» **PROBLEM TO WORK ON**:
All lines in the records below from the line with "A multitude of women, surfing" through the line with "SELMACILEK Ecru Long-Sleeve" are to be given again exactly, both ends included; the pictures are to be left out.

BEGIN DATASET EXCERPTS

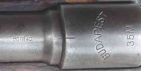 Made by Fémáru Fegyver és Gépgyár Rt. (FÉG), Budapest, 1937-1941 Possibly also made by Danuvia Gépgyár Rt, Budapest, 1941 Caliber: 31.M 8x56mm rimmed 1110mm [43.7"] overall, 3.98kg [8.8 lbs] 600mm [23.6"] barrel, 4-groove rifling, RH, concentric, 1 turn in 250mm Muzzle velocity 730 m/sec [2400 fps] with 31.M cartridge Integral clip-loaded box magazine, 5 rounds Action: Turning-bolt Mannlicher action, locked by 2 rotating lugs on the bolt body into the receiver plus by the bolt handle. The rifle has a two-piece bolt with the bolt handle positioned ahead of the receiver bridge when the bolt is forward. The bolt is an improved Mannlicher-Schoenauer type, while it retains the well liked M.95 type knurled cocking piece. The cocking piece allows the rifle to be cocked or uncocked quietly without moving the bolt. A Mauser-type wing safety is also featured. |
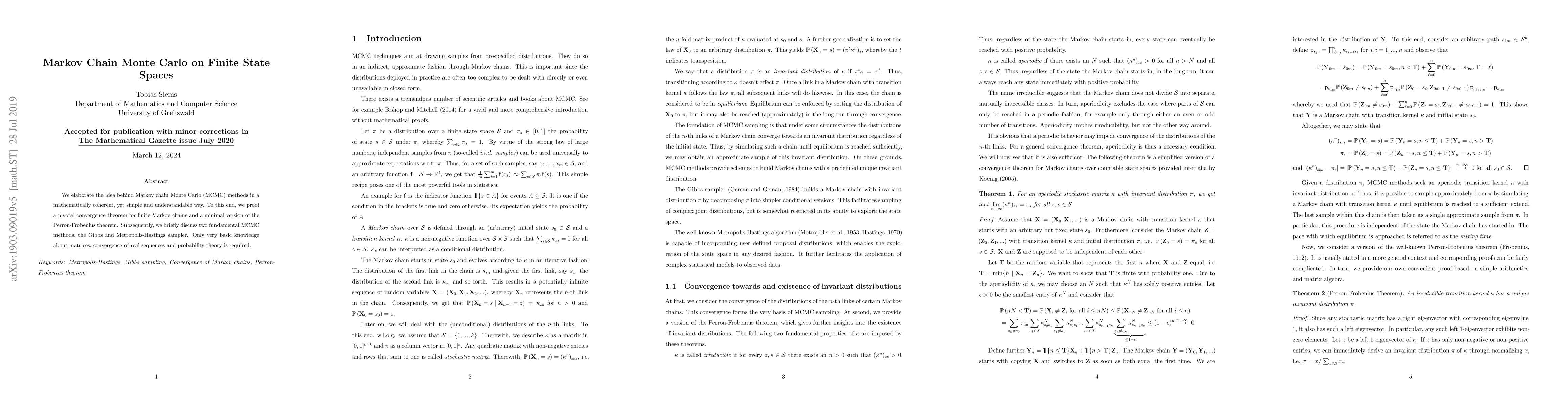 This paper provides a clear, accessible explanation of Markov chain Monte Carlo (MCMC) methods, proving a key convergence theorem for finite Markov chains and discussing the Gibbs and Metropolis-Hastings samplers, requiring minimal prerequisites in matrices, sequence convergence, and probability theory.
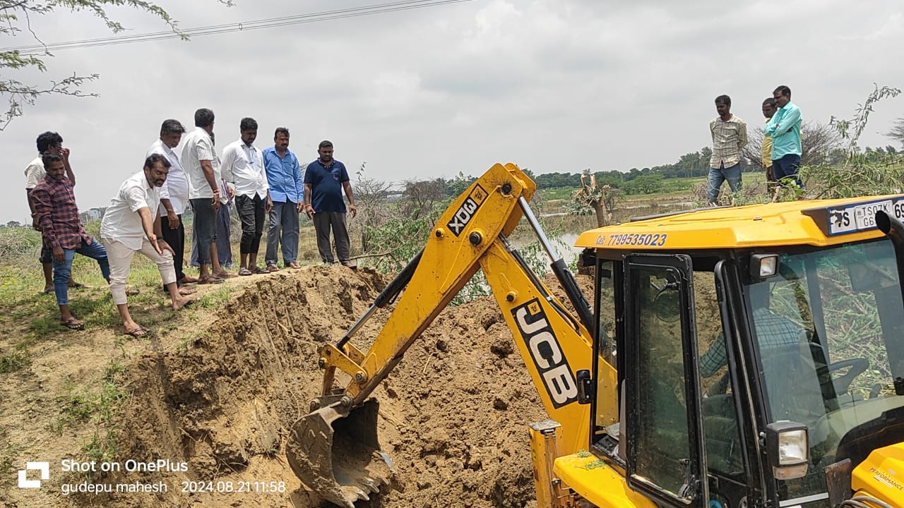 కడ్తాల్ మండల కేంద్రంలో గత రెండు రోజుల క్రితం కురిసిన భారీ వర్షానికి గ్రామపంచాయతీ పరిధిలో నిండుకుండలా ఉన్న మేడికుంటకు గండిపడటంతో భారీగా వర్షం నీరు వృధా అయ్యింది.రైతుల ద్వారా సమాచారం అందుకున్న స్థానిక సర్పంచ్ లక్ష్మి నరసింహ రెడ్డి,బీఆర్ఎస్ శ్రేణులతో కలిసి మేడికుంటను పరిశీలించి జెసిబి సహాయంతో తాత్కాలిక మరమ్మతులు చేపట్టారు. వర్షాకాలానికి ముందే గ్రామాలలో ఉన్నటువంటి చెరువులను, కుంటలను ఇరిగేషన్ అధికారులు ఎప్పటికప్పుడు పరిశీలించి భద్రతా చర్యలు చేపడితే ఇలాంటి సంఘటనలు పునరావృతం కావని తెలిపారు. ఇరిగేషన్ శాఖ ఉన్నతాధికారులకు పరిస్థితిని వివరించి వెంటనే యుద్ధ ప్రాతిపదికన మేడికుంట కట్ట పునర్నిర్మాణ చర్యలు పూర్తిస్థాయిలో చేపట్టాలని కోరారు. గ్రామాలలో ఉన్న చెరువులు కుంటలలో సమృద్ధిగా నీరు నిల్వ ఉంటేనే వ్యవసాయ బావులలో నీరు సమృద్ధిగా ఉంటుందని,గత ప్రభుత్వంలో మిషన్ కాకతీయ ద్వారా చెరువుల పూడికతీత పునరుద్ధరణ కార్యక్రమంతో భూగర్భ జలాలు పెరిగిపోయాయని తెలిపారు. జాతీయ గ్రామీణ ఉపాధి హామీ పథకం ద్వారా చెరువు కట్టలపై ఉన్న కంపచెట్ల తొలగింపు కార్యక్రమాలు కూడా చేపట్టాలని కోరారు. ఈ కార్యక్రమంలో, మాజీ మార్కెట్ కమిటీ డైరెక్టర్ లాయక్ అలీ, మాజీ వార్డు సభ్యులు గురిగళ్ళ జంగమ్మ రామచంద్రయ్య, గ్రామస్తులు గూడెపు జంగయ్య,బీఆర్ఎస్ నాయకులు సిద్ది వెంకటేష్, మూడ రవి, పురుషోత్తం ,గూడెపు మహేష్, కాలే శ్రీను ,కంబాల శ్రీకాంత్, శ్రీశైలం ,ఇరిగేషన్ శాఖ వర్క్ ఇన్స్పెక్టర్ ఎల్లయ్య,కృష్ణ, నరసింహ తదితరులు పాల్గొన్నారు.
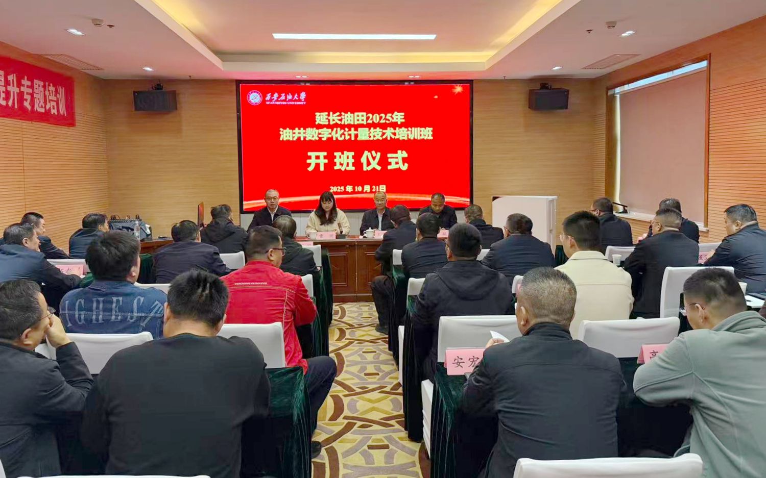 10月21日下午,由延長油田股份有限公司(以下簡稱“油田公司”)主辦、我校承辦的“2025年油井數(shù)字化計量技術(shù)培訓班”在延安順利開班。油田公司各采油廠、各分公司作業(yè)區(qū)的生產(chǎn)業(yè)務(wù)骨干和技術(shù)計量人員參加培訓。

END DATASET EXCERPTS
BEGIN DATASET EXCERPTS

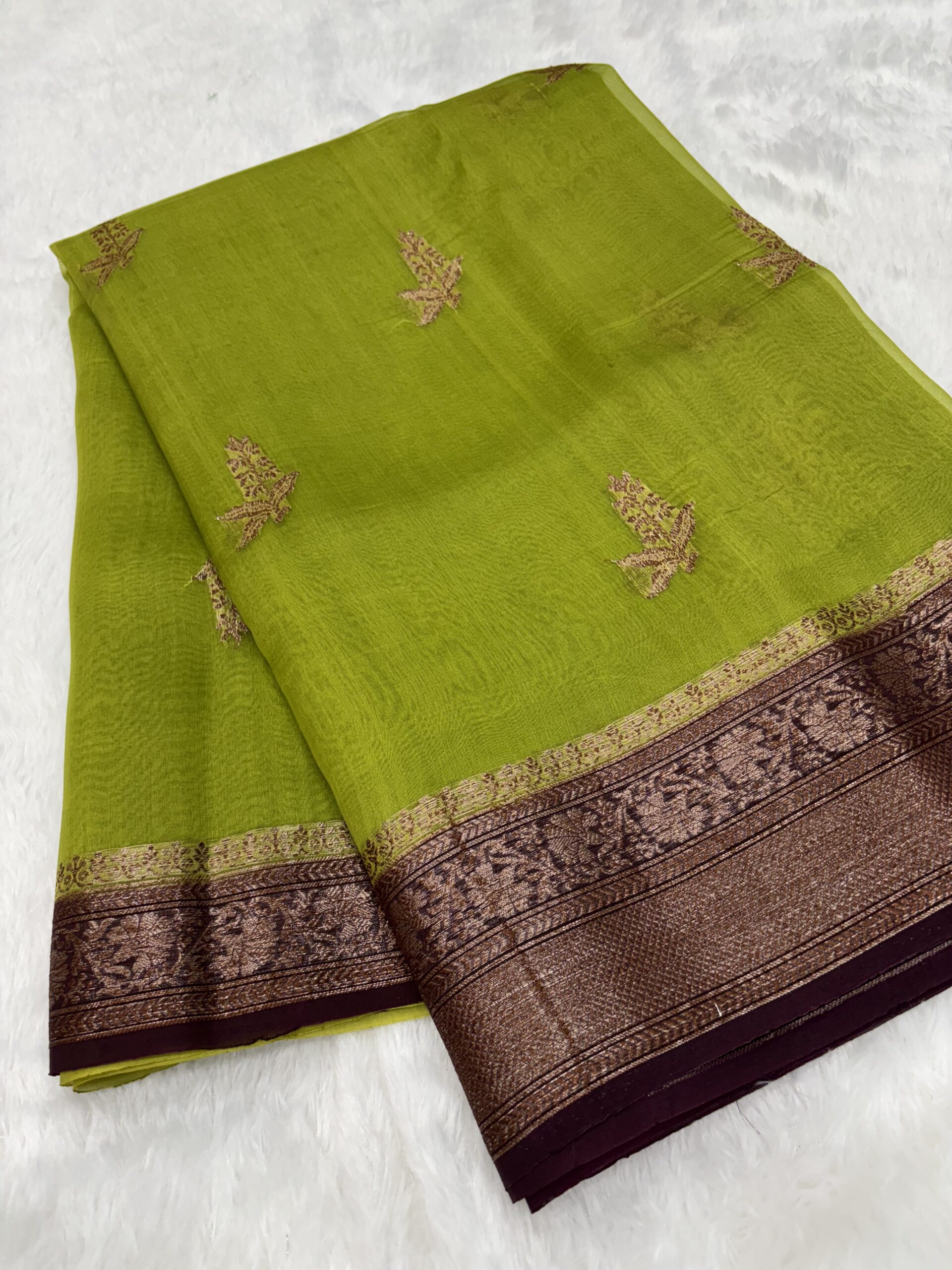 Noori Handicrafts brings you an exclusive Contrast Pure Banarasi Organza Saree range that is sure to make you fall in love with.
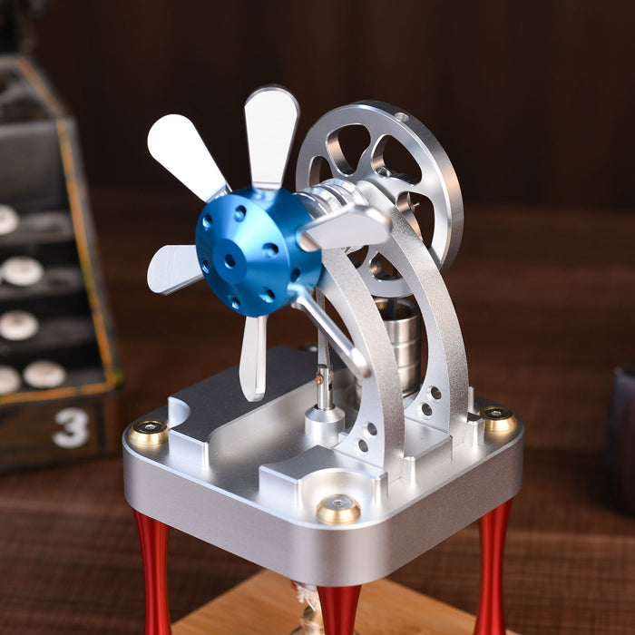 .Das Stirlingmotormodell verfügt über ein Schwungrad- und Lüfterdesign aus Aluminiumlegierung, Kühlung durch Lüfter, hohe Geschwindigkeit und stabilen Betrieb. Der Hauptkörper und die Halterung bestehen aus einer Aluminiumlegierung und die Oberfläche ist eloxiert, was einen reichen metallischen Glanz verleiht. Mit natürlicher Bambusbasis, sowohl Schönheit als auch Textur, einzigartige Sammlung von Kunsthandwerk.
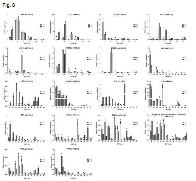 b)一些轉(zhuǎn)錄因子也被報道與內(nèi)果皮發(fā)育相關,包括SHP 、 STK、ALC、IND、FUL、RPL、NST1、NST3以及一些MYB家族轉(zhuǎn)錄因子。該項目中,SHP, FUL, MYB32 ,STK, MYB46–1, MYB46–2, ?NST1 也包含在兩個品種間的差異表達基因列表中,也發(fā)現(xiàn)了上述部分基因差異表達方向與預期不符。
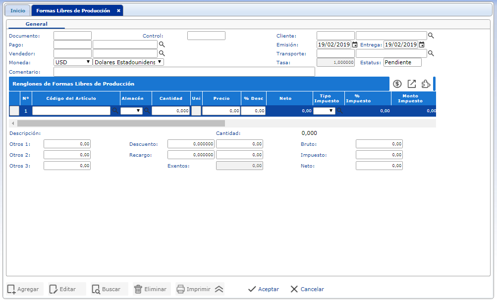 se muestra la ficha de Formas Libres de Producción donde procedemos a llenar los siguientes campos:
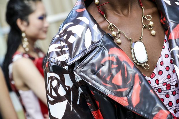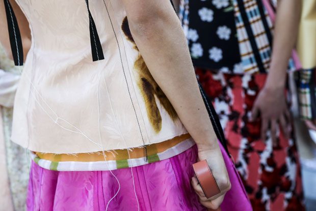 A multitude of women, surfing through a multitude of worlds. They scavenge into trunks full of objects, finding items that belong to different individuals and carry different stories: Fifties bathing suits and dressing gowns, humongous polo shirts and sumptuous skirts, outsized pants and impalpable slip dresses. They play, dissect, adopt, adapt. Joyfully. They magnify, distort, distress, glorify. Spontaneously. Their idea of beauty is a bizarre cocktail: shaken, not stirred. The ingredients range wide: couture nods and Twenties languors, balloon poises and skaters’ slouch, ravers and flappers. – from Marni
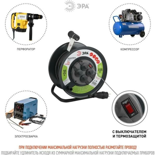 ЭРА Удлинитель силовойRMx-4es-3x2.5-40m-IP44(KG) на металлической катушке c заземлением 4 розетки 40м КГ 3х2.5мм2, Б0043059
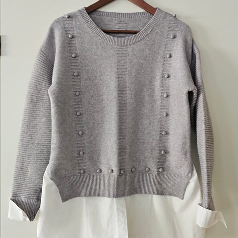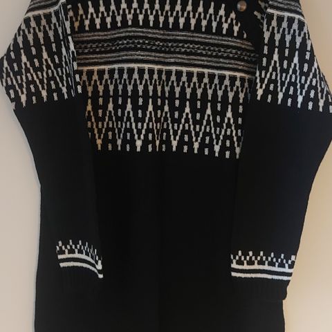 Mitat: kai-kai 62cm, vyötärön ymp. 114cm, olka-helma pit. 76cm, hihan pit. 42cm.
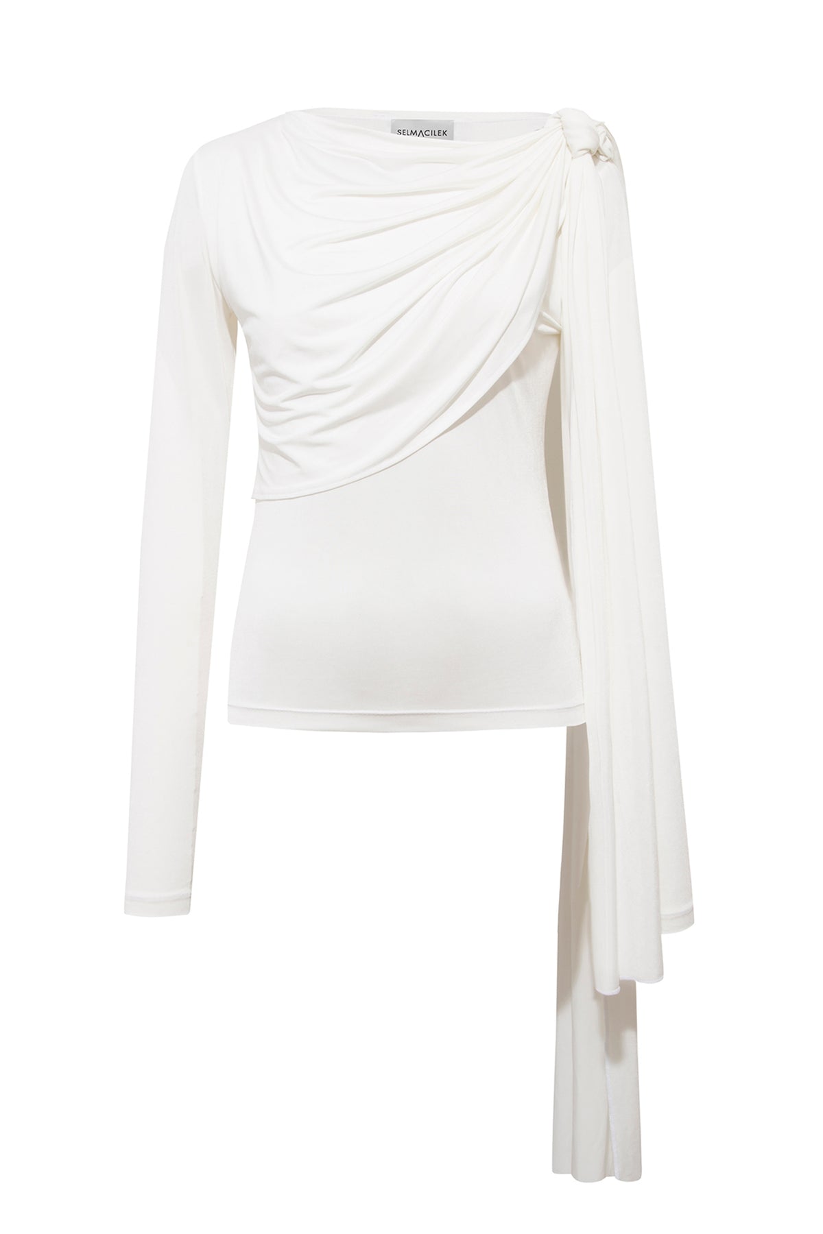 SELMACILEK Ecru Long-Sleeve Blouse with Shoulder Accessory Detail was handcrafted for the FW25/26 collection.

END DATASET EXCERPTS
BEGIN DATASET EXCERPTS

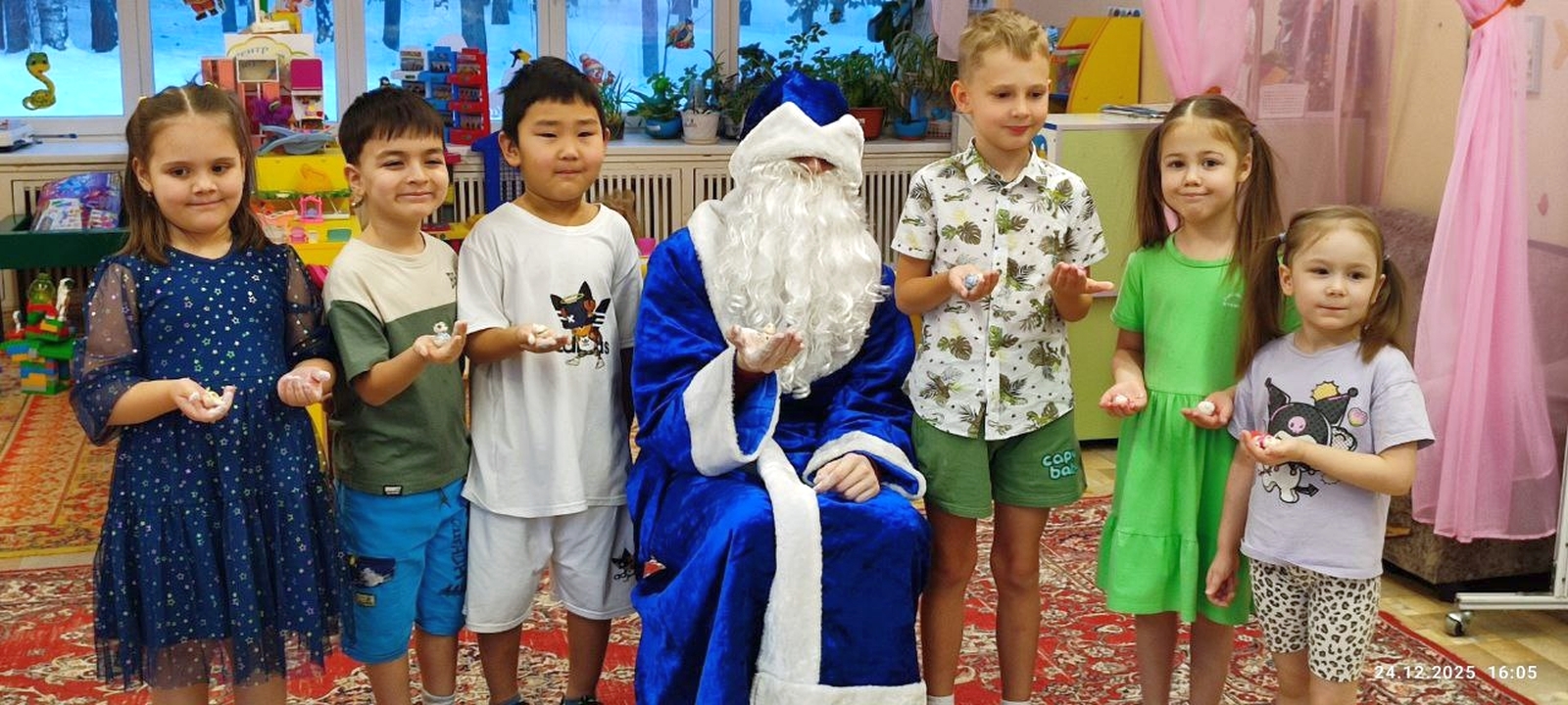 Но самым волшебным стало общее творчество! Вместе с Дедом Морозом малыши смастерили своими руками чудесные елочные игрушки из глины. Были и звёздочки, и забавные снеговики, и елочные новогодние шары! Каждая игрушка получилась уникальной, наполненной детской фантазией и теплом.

END DATASET EXCERPTS

» **TASK SOLUTION**:
 A multitude of women, surfing through a multitude of worlds. They scavenge into trunks full of objects, finding items that belong to different individuals and carry different stories: Fifties bathing suits and dressing gowns, humongous polo shirts and sumptuous skirts, outsized pants and impalpable slip dresses. They play, dissect, adopt, adapt. Joyfully. They magnify, distort, distress, glorify. Spontaneously. Their idea of beauty is a bizarre cocktail: shaken, not stirred. The ingredients range wide: couture nods and Twenties languors, balloon poises and skaters’ slouch, ravers and flappers. – from Marni
 ЭРА Удлинитель силовойRMx-4es-3x2.5-40m-IP44(KG) на металлической катушке c заземлением 4 розетки 40м КГ 3х2.5мм2, Б0043059
 Mitat: kai-kai 62cm, vyötärön ymp. 114cm, olka-helma pit. 76cm, hihan pit. 42cm.
 SELMACILEK Ecru Long-Sleeve Blouse with Shoulder Accessory Detail was handcrafted for the FW25/26 collection.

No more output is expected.